Posted by: oj at September 13, 2006 6:17 PMThey can't govern, which is why they'll spend their time doing everything else the power of the majority will entitle them: impeachment and scandal-mongering and congressional sub poenas delivered to the excutive branch and anything else to get revenge for all the slights they imagine have been done to them these past 6 or 12 years. It may be entertaining and a financial pleasure for the pundit class, but it won't help the country.
"We are, after all, the Stupid Party and that stupidity is what makes us perfectly suited to run the Stupid Country."
A fitting end to what is truly a stupid post.
Posted by: Jim at September 14, 2006 1:56 PMFor what it's worth, OJ, Ramesch disagrees with your hypothesis.
Posted by: John at September 14, 2006 4:42 PMThe normally sensible Mr. Ponnuru must be trying to get back in good with the looney libertarians who hated his book. But if you think Life matters how can an anti-Life Congress be tolerable?

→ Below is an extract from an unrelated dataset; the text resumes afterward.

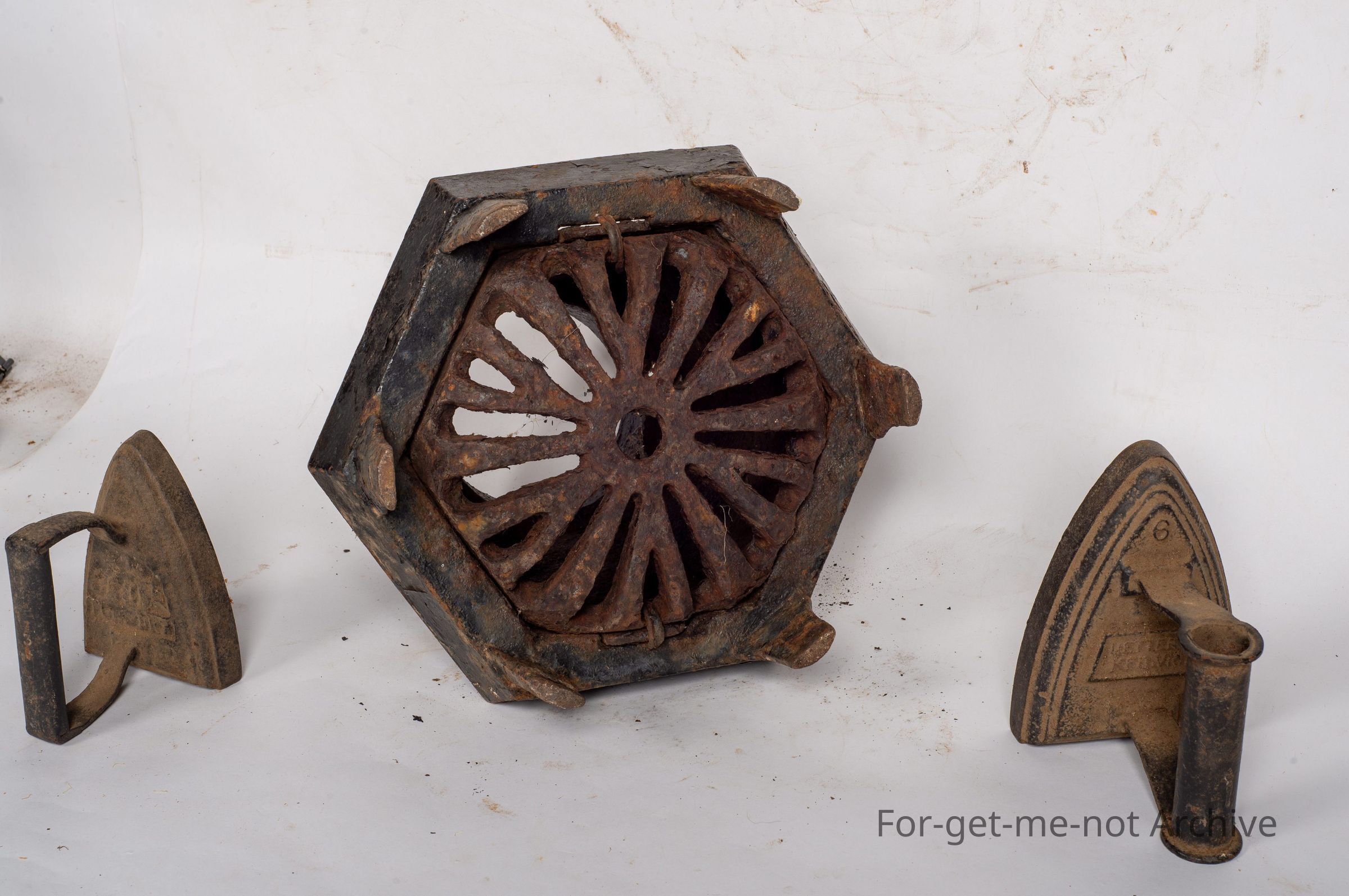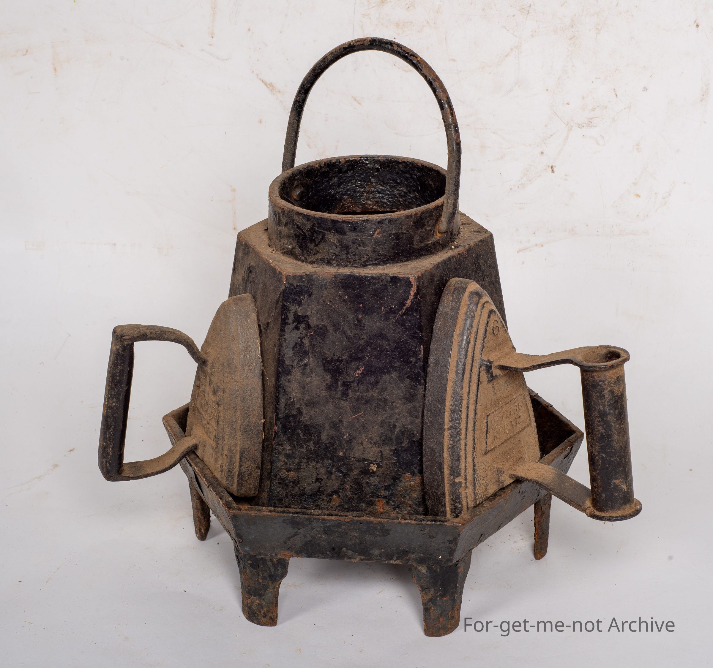 This is a 6 sided Tailors Flat Iron stove. There's a grate in the bottom. The flat irons are rotated in use. These things are very rare, hardly ever seen outside of museums. This one is from South Australia.Collection

Posted by: oj at September 14, 2006 5:57 PMOJ:
Did you see his specific comment? Here it is:
My friend Orrin Judd says that I am displaying a "conservative terror of governance," which I think is silly.
Mr. Ponnuru specifically said that a gain in GOP seats is a bad idea. I'd love to hear what he calls it.
Posted by: Matt Murphy at September 14, 2006 7:31 PMWhat's the point of a majority when you don't do anything with it?
Posted by: Guy Who Thinks Orrin Judd Hasn't Said Anything Worth Listening to Since Bush Was Elected at September 15, 2006 3:29 PMWhat's the point of a majority when you don't do anything with it?
Posted by: Guy Who Thinks Orrin Judd Hasn't Said Anything Worth Listening to Since Bush Was Elected at September 15, 2006 3:30 PMThere would be no point.